### Task requirements
What is needed is a faithful transcription of all the data below, pictures excluded.

### Given material
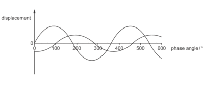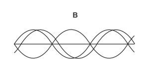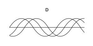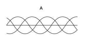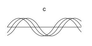 The three waves shown in each diagram have the same amplitude and frequency but differ in phase.
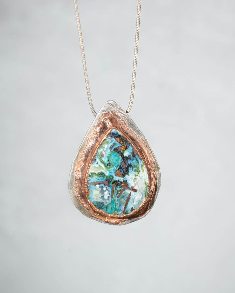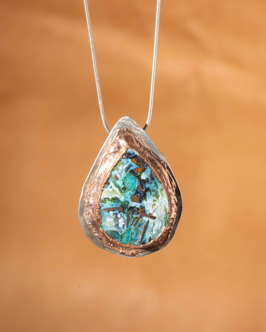 Add a touch of color and a dash of fun to your wardrobe with this Chrysocolla with Copper Necklace. Featuring a stunning Chrysocolla stone with native copper in the stone, set in copper on a silver backplate, this necklace comes with a 20 inch sterling silver snake chain.
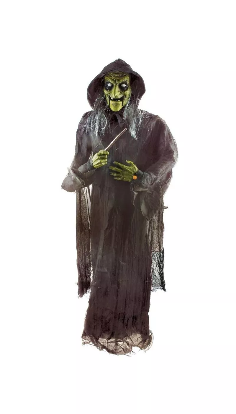 Halloween : la sorcière animée en PVC de 180 cm pour une ambiance terrifiante
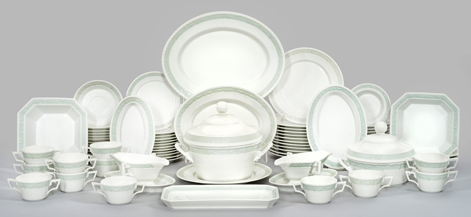 für 12 Personen. 62-tlg.; 12 Speise-, 12 Kuchenteller, 12 Suppen- mit Untertassen, 12 Dessertschälchen, 2 Saucieren, Terrine, Suppenterrine, Presentoire, 3 flache und 1 tiefe Beilagenschale, kleine, mittlere und große Anbietplatte, Bratenplatte, Königskuchenplatte. Auf Wandung, Deckel und Fahne umlaufend feine Bordüre mit reliefierten Perlstäben und Tuchgehängen vor seladongrünem Fond. 2 Teile minim. best., teilw. minim. ber.; Zeptermarke. Suppenterrinen-H. 24 cm. Teller-D. 15,5 - 25 cm. Platten-L. 24 cm – 41 cm.

### Answer area
 The three waves shown in each diagram have the same amplitude and frequency but differ in phase.
 Add a touch of color and a dash of fun to your wardrobe with this Chrysocolla with Copper Necklace. Featuring a stunning Chrysocolla stone with native copper in the stone, set in copper on a silver backplate, this necklace comes with a 20 inch sterling silver snake chain.
 Halloween : la sorcière animée en PVC de 180 cm pour une ambiance terrifiante
 für 12 Personen. 62-tlg.; 12 Speise-, 12 Kuchenteller, 12 Suppen- mit Untertassen, 12 Dessertschälchen, 2 Saucieren, Terrine, Suppenterrine, Presentoire, 3 flache und 1 tiefe Beilagenschale, kleine, mittlere und große Anbietplatte, Bratenplatte, Königskuchenplatte. Auf Wandung, Deckel und Fahne umlaufend feine Bordüre mit reliefierten Perlstäben und Tuchgehängen vor seladongrünem Fond. 2 Teile minim. best., teilw. minim. ber.; Zeptermarke. Suppenterrinen-H. 24 cm. Teller-D. 15,5 - 25 cm. Platten-L. 24 cm – 41 cm.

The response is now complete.